As for the band, in 2020, they were curated to headline Coachella’s twentieth anniversary* (*minus the festival’s gap year, after its inception) which was apropos, given that their headliner-fee-waiving was instrumental in helping Paul Tollett’s inaugural event keep a bottom-line cache for actually putting on the production during its very earliest of days. Then Covidchella hit; then Zack de la Rocha injured his Achilles, and their tour was cancelled, twice, including in 2023; then they got nominated to the Rock and Roll Hall of Fame, again; then Tim Commerford announced he has prostate cancer.
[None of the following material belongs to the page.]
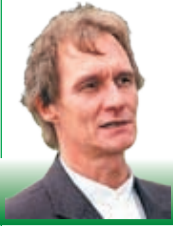
Aare Aunap vallavanem

Veebruar on eestlasele olnud eestluse ja omariikluse mõttes märkimist vääriv kuu. Oli ju veebruar just meie iseseisvuse deklareerimise ja iseseisva riigi tekkimise kuu ning just veebruaris jõudis lõpule selle noore riigi esimene tõsisem tuleproov, mis lõppes meile võiduga ja tipnes Tartu rahuleppes. Lisaks neile on kalendris kirjas mitmed eesti rahvakalendri tähtpäevad, millest ehk tuntuimad küünlapäev ja vastlapäev. Uue aja trende järgides on traditsiooniliseks muutunud ka sõbrapäev.

Last week, the ‘Hall announced that RATM will be inducted at the ceremony and concert taking place in NYC on November 3rd.

And whilst simultaneously appearing on millions of plastic and cardboard musical artifacts, street posters, and T-shirts (which sell on ebay for a couple of hundred dollars US), the pre-“Evil Empire” portrait seen ‘round the world as its diametric opposite, isn’t in a museum, alongside other Ramos paintings; it still hangs quietly, exactly where it’s been for the last thirty years, beaming with mid-twentieth century optimism, in the family’s kitchen.
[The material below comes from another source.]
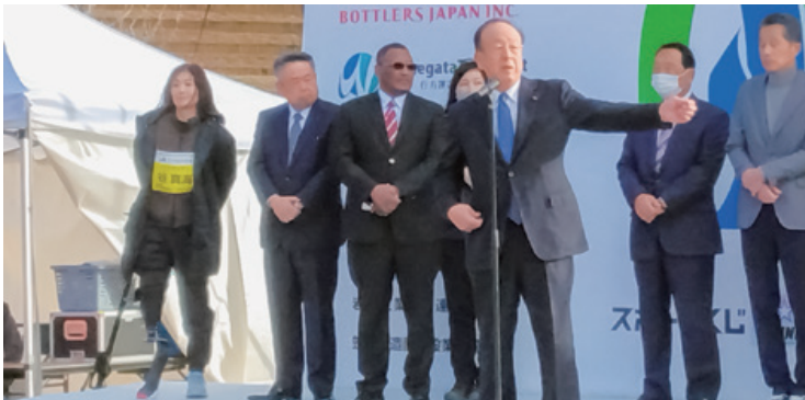
▲第18回かさま陶芸の里ハーフマラソン大会には、1,600人を超えるランナーが参加した。ホストタウンとなっているエチオピアの大使や、東京パラトライアスロンの谷真海選手らと開会式にて。会場には、エチオピアにシューズやTシャツを贈る回収ボックスも設置された(R5年12月)

Fun curatorial fact and earnest endnote: With the Rock & Roll Hall of Fame’s induction of Rage Against The Machine, the late, great Mel Ramos joins fellow Pop founder Andy Warhol as the only other Pop artist with an album cover in the ‘Hall. Ramos, who died in 2018 and is universally recognized as an essential originator within the Pop Art canon — with works hanging in every major museum on the planet— has most bewilderingly, not yet had a retrospective show at one of our larger NYC museums, all of which have shown and own his works in their permanent collections.

Family snapshots of Mel Ramos (1935–2018), American Pop Art master, pioneer of the original Pop Art movement, and dedicated art educator, instructing pupils from grade school through grad school.

As a fan of both the artist and my friendly neighborhood museum, AKA The Whitney, I earnestly think he’s due a show there; it would be a major NYC — indeed, given his followings overseas, also a major international — event, with contemporary museum attendees (who might think they’ve seen it all when it comes to Pop) in for a generational treat from one of the most semiotically sophisticated, playful, and masterfully painted oeuvres in the Pop Art canon.